Synoptic exercises

Congratulations, your Python journey has officially begun! Here are a few synoptic exercises to test your understanding, feel free to refer back to the previous material where it may be helpful.

Tip

Remember to use variables to minimise the amount of data you have to input manually. You will also find that using variables enables you to do the same calculation with different inputs in much less time than if you had to re-write the entire calculation from scratch.

It may also be worth using print statements and f-strings where possible to clearly display the results you have calculated (and to improve the readability of your code).

1. Calculate the energy of a photon (in Joules) with frequency \(2.18 \times 10^{10}\,\mathrm{GHz}\) according to:

\[E = h\nu,\]

where \(\nu\) is the frequency and \(h\) is Planck’s constant. You can import Planck’s constant from the scipy library:

import scipy
print(scipy.constants.h)

6.62607015e-34

2. Calculate the wavelengths (in nanometres) corresponding to the first line in the Lyman, Balmer and Paschen series. You will need the following relation:

\[\frac{1}{\lambda} = R_{\mathrm{H}}\left[\frac{1}{n^{2}_{1}} - \frac{1}{n^{2}_{2}}\right],\]

where \(\lambda\) is the wavelength, \(R_{\mathrm{H}}\) is the Rydberg constant and \(n_{2}\) is the principal quantum number of the excited state. \(n_{1} = 1\) for the Lyman series, \(2\) for the Balmer series and \(3\) for the Paschen series. You may access the Rydberg constant with:

scipy.constants.Rydberg

10973731.568157

3. Consider the following blocks of code. Each one of them will cause an error when run. Taking each block one-by-one:

• Predict which line of code will cause the error and why this line is problematic.

• Run the block of code in a Jupyter notebook and see whether or not you were correct.

• Modify the code to solve the problem and thus remove the error.

Block 1:

a = 32
b = '64'

print(a + b)

Block 2:

string_variable = 'Python is pretty cool! '
repeat = 4.0

print(string_variable * repeat)

Block 3: This code uses the following expression for the root mean square speed of a molecule:

\[\sqrt{\frac{3RT}{M}},\]

where \(R\) is the gas constant, \(T\) is the temperature and \(M\) is the molar mass.

Note

This block also contains a problem which, whilst it will not cause an error, will lead to the wrong result being calculated. See if you can spot and fix this problem in addition to removing the error.

import math
import scipy

# You do not have to include the imports above if you have already imported math and scipy in your notebook.

temperature = 500
molar_mass = 31.998 / 1000 # molar mass of an oxygen molecule in kgmol-1

# Calculate the root mean square speed of an oxygen molecule at 500 K
rms_speed = math.sqrt{3 * scipy.constants.R * temperature / molar_mass}

print(f'The root mean square speed of an O2 molecule at 500 K is {rms_speed} ms-1.')

Block 4: This code is trying to solve the following equation,

\[5x^{2} + 12x + 7,\]

using the quadratic formula:

\[\frac{-b \pm \sqrt{b^{2} - 4ac}}{2a}.\]

Note

This one is difficult if you are new to Python. See if you can figure out why the error occurs, then see the hidden solution below (the “Click to show” box) to learn how it can be fixed.

print = 'This code calculates the solutions to 5x^2 + 12x + 7'

a = 5
b = 12
c = 7

solution_1 = (-b + math.sqrt(b ** 2 - 4 * a * c)) / (2 * a)
solution_2 = (-b - math.sqrt(b ** 2 - 4 * a * c)) / (2 * a)

print(f'The solutions are {solution_1} and {solution_2}')

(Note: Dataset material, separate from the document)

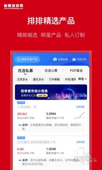 买私募基金,就上私募排排网。私募排排网官网地址:www.simuwang.com 私募排排网,是国内专业的私募基金信息提供商、私募基金评级及私募基金销售服务商。旨在推动国内私募基金业健康、规范发展,促进业界交流与合作。 -排排网APP特点- ●【理财频道】国内优秀产品经理甄选优质私募,打造精品理财频道,为您推介当前热销基金产品; ●【私募排名】国内最全面的对冲基金数据库,覆盖全国14万多只私募基金,2万多家私募基金公司以及近万位基金经理的详细信息;; ●【路演直播】每日邀请私募投资大咖现场直播,全面剖析投资策略,想要了解私募走势,实时关注路演直播就没错; ●【行业资讯】每天排排网小编准时给您带来原创行业资讯,实时分享财经热点快讯,打造独家专访频道,定期撰写机构研究报告,给你的投资保驾护航; -如何找我们- 以下联系方式总有一种是你喜欢的:微博关注@私募排排网微信添加好友:simuppw 关注我们的公众号:排排网官微欢迎登陆官网了解更多信息

How to fix the error for code block 4:

The problem here is that we have redefined the print function. The first line of block 4 assigns a string to the name print. This is perfectly valid Python, but the name print was already in use: it is the name of the print function. This means that when the final line runs, Python complains that you are treating a str (a string) like a function, as we have effectively replaced the print function with the string: ‘This code calculates the solutions to 5x^2 + 12x + 7’.

So if we have seem to have “lost” the print function, how do we get it back? We can do this by restarting the kernel. In your Jupyter notebook, navigate via the menu bar at the top to Kernel->Restart and Run All Cells. This will effectively clear Python’s memory and re-run all of your code, meaning that print will once again refer to the function we want. Be sure to fix code block 4 before you do this (i.e. actually call the print function rather than assigning a variable to that name).